_What to work on_
Copy the records below word for word, from the first line through the line that contains "www.kranmagazin.de/ArchivSTM/Stm_108/aktion2.pdf", and leave out any pictures.

_Records provided_
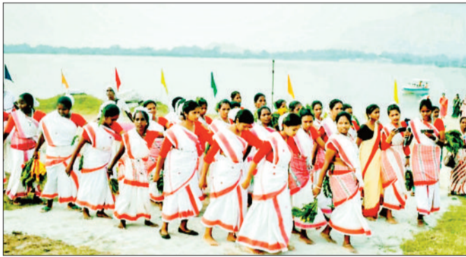
लोककला, संगीत और बोनफायर नाइट्स से सजेगा हर शाम का माहौल: हर शाम बोनफायर नाइट्स में जनजातीय लोकनृत्य, संगीत और हंसों से भरी संध्याएं होंगी। पारंपरिक गीतों की धुन और आग की लपटों के बीच साझा होती मुस्कानें इस आयोजन को आत्मीयता का नया अर्थ देंगी। फेस्टिवल में स्थानीय व्यंजनों का विशेष स्टॉल आकर्षण का केंद्र रहेगा। स्थानीय पारंपरिक पकवानों के स्वाद से ►►शोष पेज 4 पर

यहां आगामी 6 से 9 नवम्बर 2025 तक आयोजित होने वाले 'जशपुर जम्बूरी 2025' में प्रदेश और देशभर से पर्यटक प्रकृति की गोद में ►► शोष पेज 4 पर
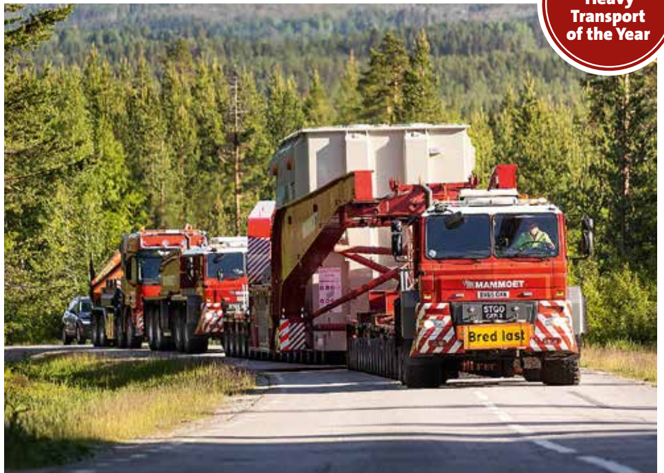
Steigungen waren für den Trojan-Truck kein Problem.

www.kranmagazin.de/ArchivSTM/Stm_108/aktion2.pdf
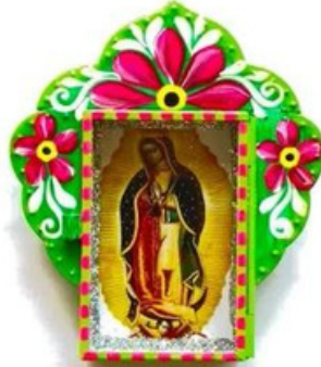
Autel mexicain de la vierge de Guadalupe
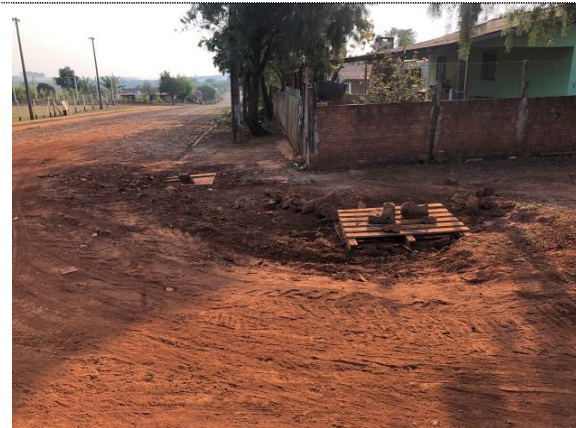
22 - BI na rua Apucarana esq. Rua Paraíba

_Output for this exercise_
लोककला, संगीत और बोनफायर नाइट्स से सजेगा हर शाम का माहौल: हर शाम बोनफायर नाइट्स में जनजातीय लोकनृत्य, संगीत और हंसों से भरी संध्याएं होंगी। पारंपरिक गीतों की धुन और आग की लपटों के बीच साझा होती मुस्कानें इस आयोजन को आत्मीयता का नया अर्थ देंगी। फेस्टिवल में स्थानीय व्यंजनों का विशेष स्टॉल आकर्षण का केंद्र रहेगा। स्थानीय पारंपरिक पकवानों के स्वाद से ►►शोष पेज 4 पर

यहां आगामी 6 से 9 नवम्बर 2025 तक आयोजित होने वाले 'जशपुर जम्बूरी 2025' में प्रदेश और देशभर से पर्यटक प्रकृति की गोद में ►► शोष पेज 4 पर
Steigungen waren für den Trojan-Truck kein Problem.

www.kranmagazin.de/ArchivSTM/Stm_108/aktion2.pdf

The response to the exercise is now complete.